Return the listing below unchanged, but without pictures.

::: Recorded information :::

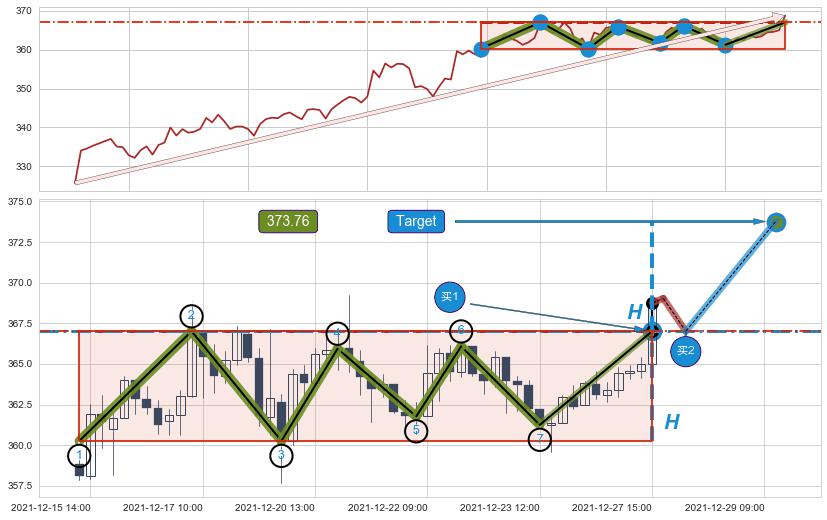 ➢ 【买1】: 激进型 买点 →(12-27:15: 367.01 )形成突破上涨矩形整理【整理】形态
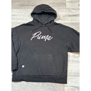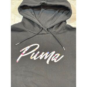 Puma black hoodie sweatshirt with floral/paint splatter/tie-dye logo size M
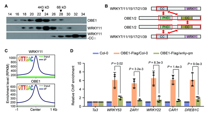 该研究通过蛋白免疫亲和纯化结合质谱分析, 发现拟南芥中的IId类WRKY转录因子能够与OBE家族蛋白互作形成一类新的植物特异的蛋白复合体,该研究将这类复合体命名为WRKY-OBE复合体。进一步研究发现,IId类WRKY转录因子的N-端区域包含一段高等植物中保守的coiled-coil(CC)结构域,该结构域负责与OBE蛋白的结合。两个OBE蛋白之间能够互作形成二聚体,并分别结合一个WRKY蛋白,从而形成一个包含两个OBE蛋白和两个WRKY蛋白的四亚基WRKY-OBE复合体(图1)。另外,OBE家族蛋白OBE1的PHD结构域能够特异性识别组蛋白H3K4me2/3修饰,同时OBE1能够通过与OBE2互作增强其对组蛋白的结合能力,揭示了组蛋白参与WRKY-OBE复合体转录调控功能的可能分子机制。
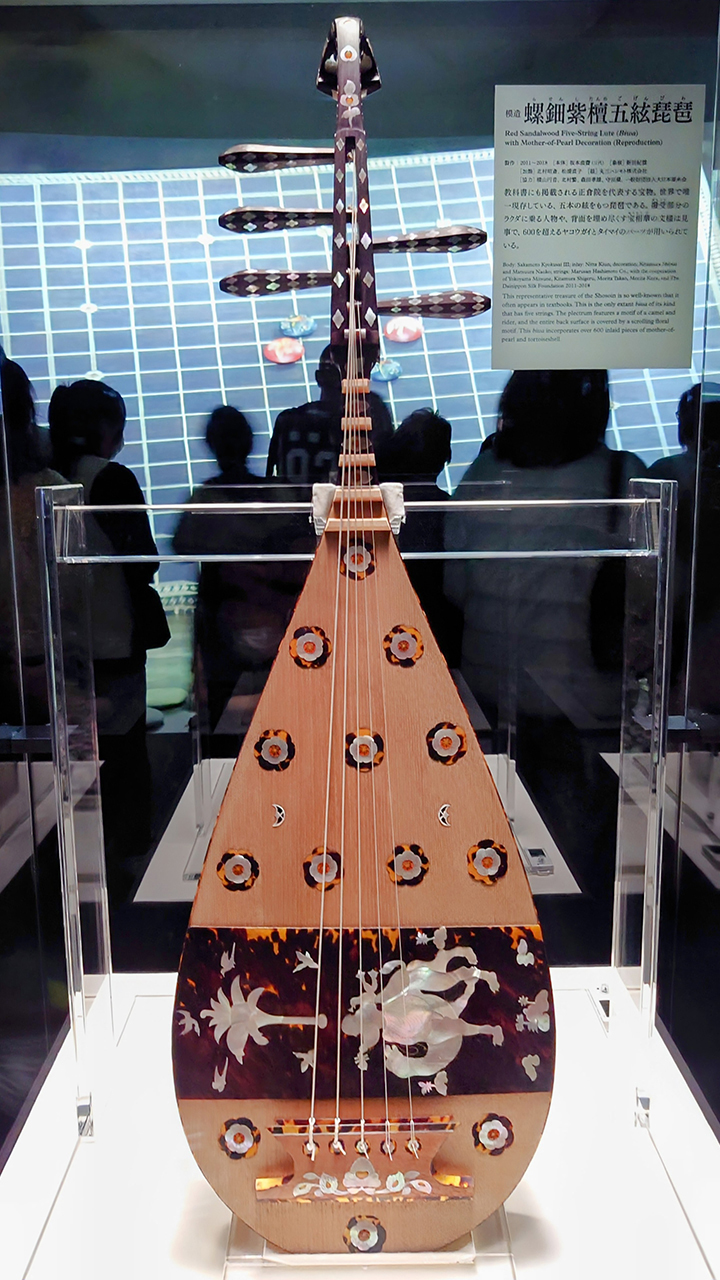 ・螺鈿(=夜光貝)で装飾された「紫檀(したん)」と呼ばれるローズウッド製の五弦琵琶

:::

**Task result:**
 ➢ 【买1】: 激进型 买点 →(12-27:15: 367.01 )形成突破上涨矩形整理【整理】形态
 Puma black hoodie sweatshirt with floral/paint splatter/tie-dye logo size M
 该研究通过蛋白免疫亲和纯化结合质谱分析, 发现拟南芥中的IId类WRKY转录因子能够与OBE家族蛋白互作形成一类新的植物特异的蛋白复合体,该研究将这类复合体命名为WRKY-OBE复合体。进一步研究发现,IId类WRKY转录因子的N-端区域包含一段高等植物中保守的coiled-coil(CC)结构域,该结构域负责与OBE蛋白的结合。两个OBE蛋白之间能够互作形成二聚体,并分别结合一个WRKY蛋白,从而形成一个包含两个OBE蛋白和两个WRKY蛋白的四亚基WRKY-OBE复合体(图1)。另外,OBE家族蛋白OBE1的PHD结构域能够特异性识别组蛋白H3K4me2/3修饰,同时OBE1能够通过与OBE2互作增强其对组蛋白的结合能力,揭示了组蛋白参与WRKY-OBE复合体转录调控功能的可能分子机制。
 ・螺鈿(=夜光貝)で装飾された「紫檀(したん)」と呼ばれるローズウッド製の五弦琵琶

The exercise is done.